### PROBLEM REQUIREMENTS
The answer must be an exact reprint of the lines from the one with "PHD Tintas seleciona" through the final line of the data, with no pictures included.

### RECORDED DATA
>>>>

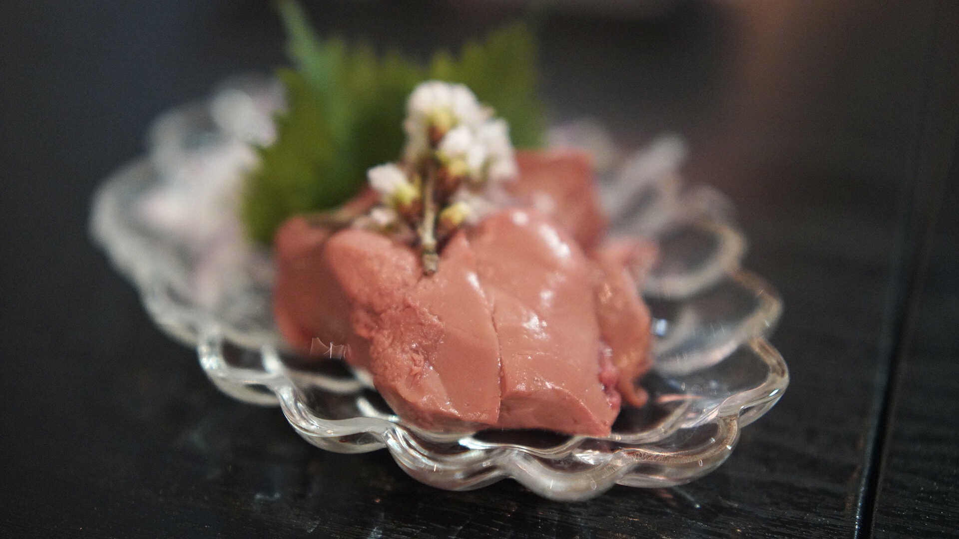 レバ刺し(580円)は低温調理がされていて食感がとろけます。
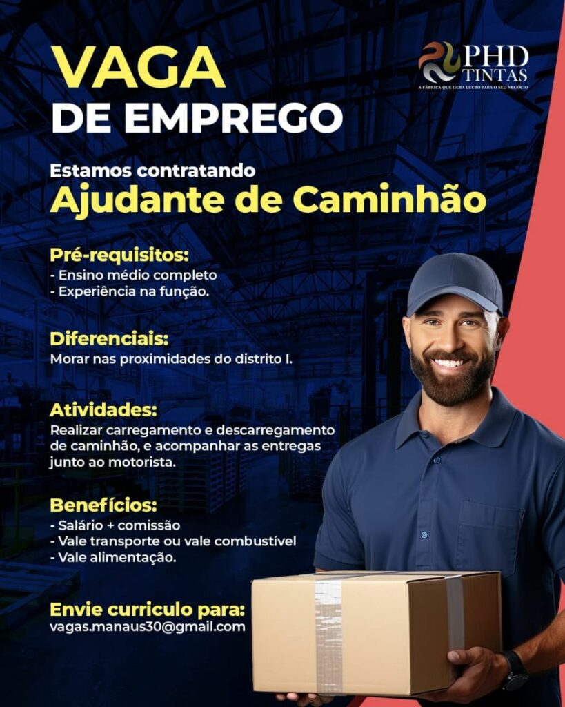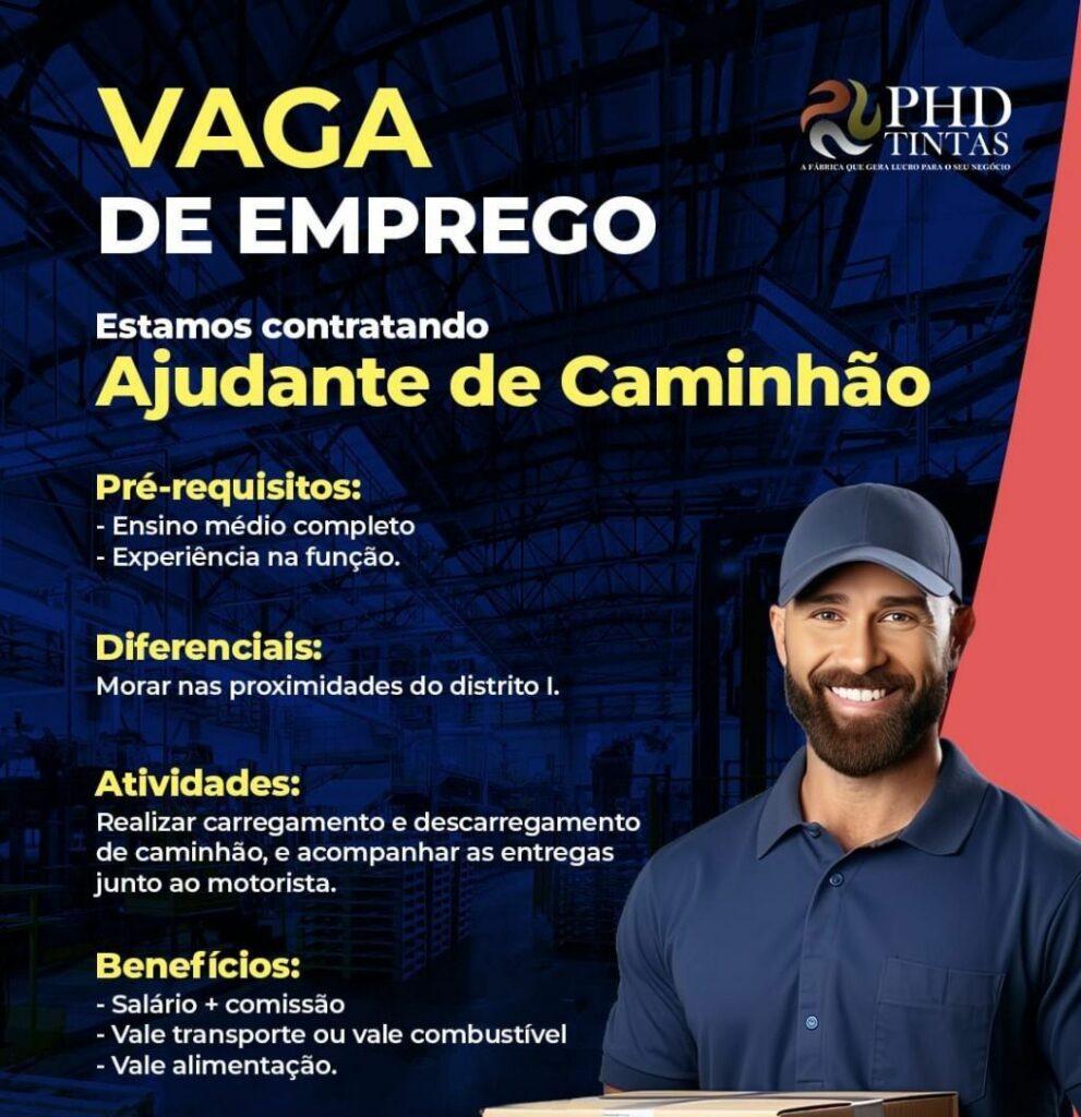 PHD Tintas seleciona Ajudante de caminhão; Envie seu currículo!
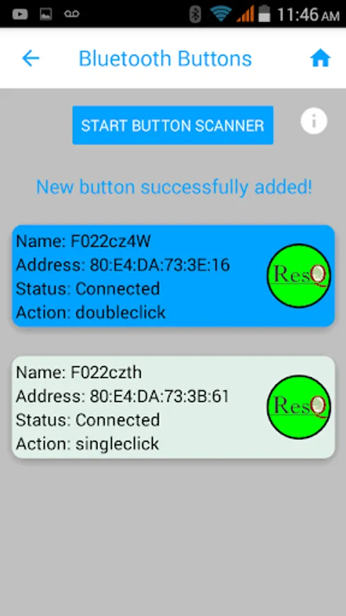 The ResQ application provides rapid location emergency response services at the press of a button. Emergency Response can be activated either with a separate dedicated Bluetooth button (which we provide) or via the notification panel.

<<<<

### RESPONSE TO THIS TASK
 PHD Tintas seleciona Ajudante de caminhão; Envie seu currículo!
 The ResQ application provides rapid location emergency response services at the press of a button. Emergency Response can be activated either with a separate dedicated Bluetooth button (which we provide) or via the notification panel.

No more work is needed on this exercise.